Creative Financing for $60M Student Housing Deal – Making $6M Down Plausible?
Hey BP community,
I’m underwriting a $60M student housing acquisition in a Tier-2 university market. The deal pencils with strong occupancy, 3-5% rent growth, and a solid management structure. Here’s the challenge:
- Lenders are targeting 1.5 DSCR.
- At today's terms (~7% interest, 20–25% down, 10% management), I'm landing closer to 1.25 DSCR.
- I’d like to keep equity in check, ideally around $6M down (≈10%) - while still making this bankable.
My question:
Has anyone here successfully structured a deal of this size using creative financing to bridge the DSCR gap without throwing in another $6–8M of equity?

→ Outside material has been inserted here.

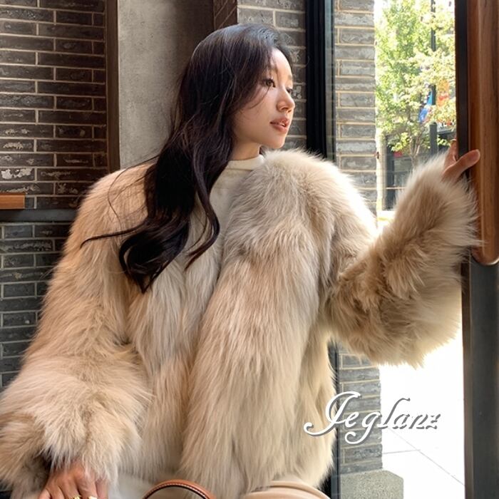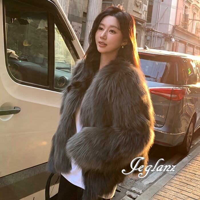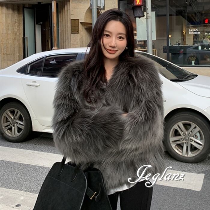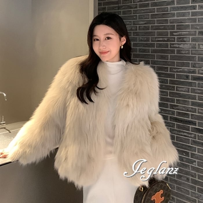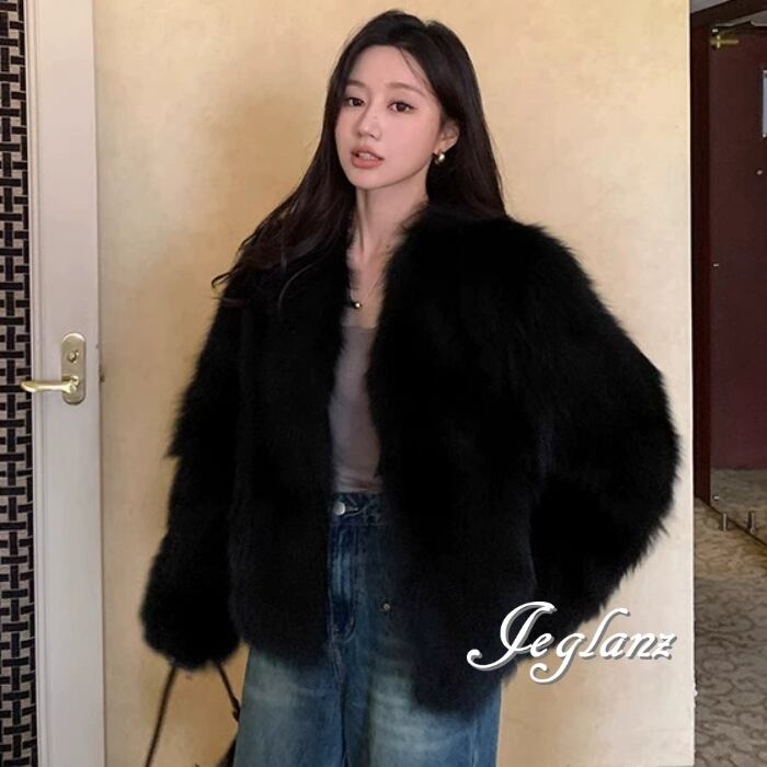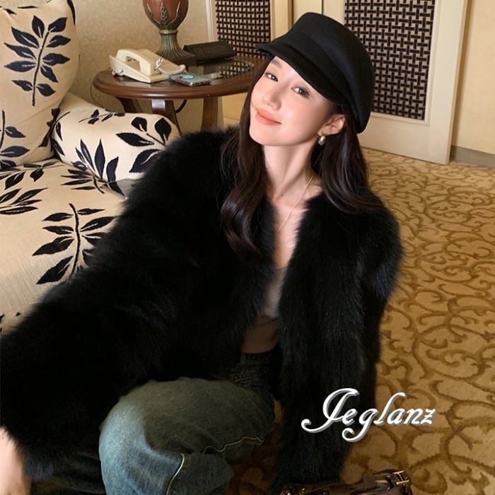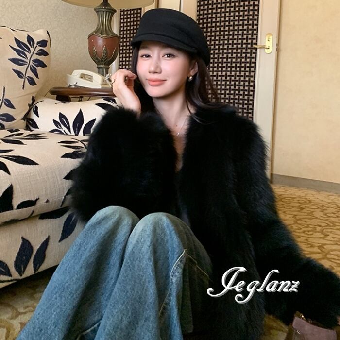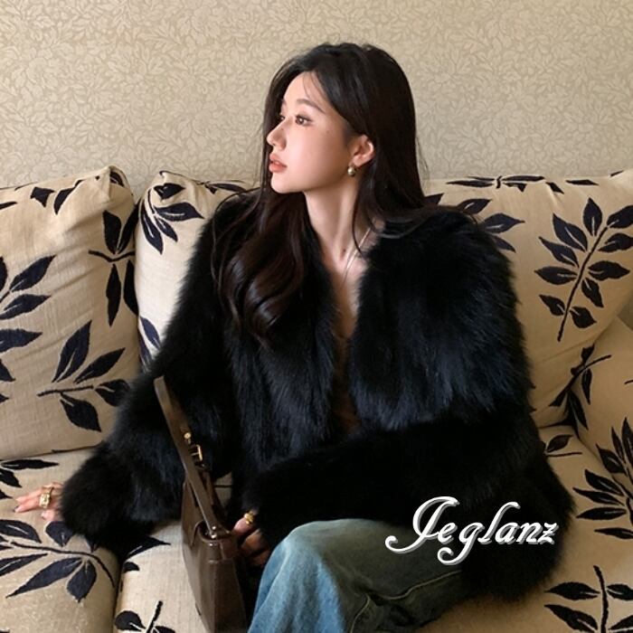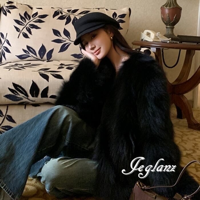 3色 ファー エコファ ジャケット ブルゾン Vネック ファンシー(MB258)φ

Some strategies I’m exploring:
- Seller carry / second position notes
- Preferred equity / mezz debt layers
- Master leases to guarantee income floor
- Using entitlements or land value (25 acres attached) to sweeten the financing package
- Rent bumps modeled into refinance terms
I’ve seen other capital groups putting 5-10% down on $60M+ acquisitions and making the numbers work. Curious to hear from anyone who’s done something similar, what structures made it plausible with the banks/investors?
Appreciate any insights or examples. I’m looking to learn from those who’ve been creative at scale.